Throughout all my life, I have had the same friend group. We have done everything together since kindergarten. This year we are going into our final year at the middle school and things are starting to change. I do not have many/no classes with a lot of my friends and I feel as though the group is slowly falling apart. I don’t want to lose my friends; I care about them so much. Help Cammy, what should I do?

Not Sure

Dear Not Sure,

You have been so fortunate to have had such amazing friends and I see where you are coming from. After going through so much, it is hard to let go of the people you know, love, and trust the most. You need to understand that this is a time in your life when people are finding themselves and where they fit in. I believe that it is in your best interest that you talk to your friends about how you feel. Everyone goes through times when they aren’t in a lot of classes with their friends. That doesn’t mean that you can’t hang out outside of class. Just always remember to be open to new friends no matter how secure you are with your closest friends; you will never know who you will meet. Wishing you the best of luck!

Cammy

More Columns from Cammy

We are delighted to publish more columns from our wonderful teenage advice columnist today.  The column is designed for middle schoolers and is written by a girl, ‘Cammy’, who is middle school age, but opting to remain anonymous.  We apologize sincerely for the delay in publishing these new columns — it was entirely the editor’s fault, and most definitely not Cammy’s!

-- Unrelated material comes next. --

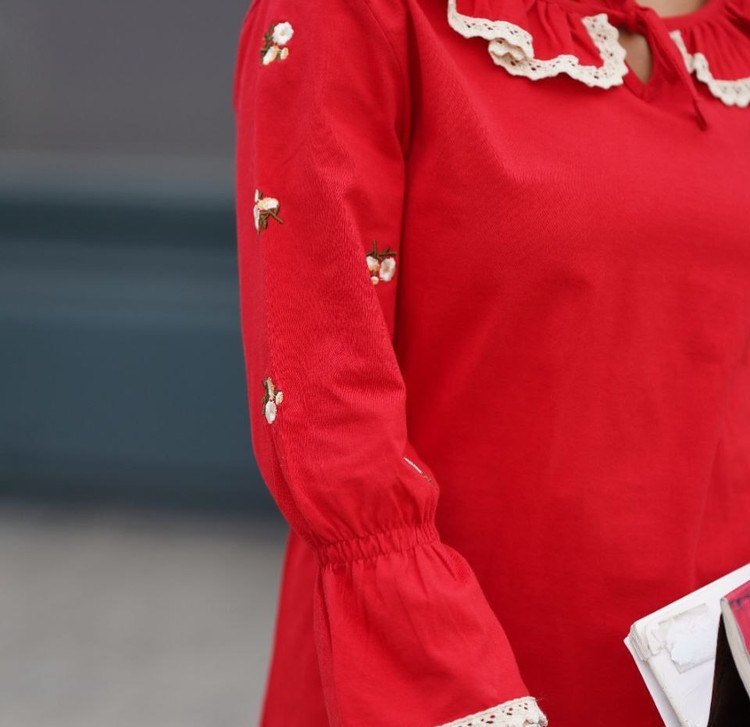 بلوز یقه و آستین گیپوری گلدوزی شده با جنس نخ پنبه. قد ۷۲ سانتیمتر و دورسینه ۱۱۲.

Cammy welcomes questions and concerns from all ages.  You can reach her at cammy12100@gmail.com and she is really looking forward to hearing from you.

Dear Cammy,

My friend borrowed $10 from me two months ago and still hasn’t gotten it back. I need the money for the holidays. What should I do?

Minus Ten Dollars

Dear Minus Ten Dollars,

Money problems are always a tough topic. You just need to find a kind of way to ask for the money. For example, you could say, “Hey __________________, I was just wondering if you had the $10 I lent you. I need it for the holidays, so if you could just get it to me as soon as possible, that would be great.” Always handle these situations in a calm, kind, and gentle fashion. Good luck!

Cammy

 

Dear Cammy,

My friend just got a new haircut and it doesn’t look very attractive, she keeps asking what I think. I don’t want to lie to her, but I also don’t want to hurt her feelings. What should I say? What should I do? Help!

Cut too Close

Dear Cut too Close,

Hair is something that you cannot change in an instant.  You don’t want to tell her that you hate it and have her walk around feeling bad about herself.  You should tell her that you like it.  Then when it grows out, tell her that you didn’t mind her haircut, but it wasn’t the one for her.  Maybe suggest a new cute haircut or going back to the way it was before.

Always be kind and considerate, especially when the person cannot change it.  If they can’t control it they will feel bad about themselves until it finally changes.

Good luck with the hairy issue!  Tee Hee!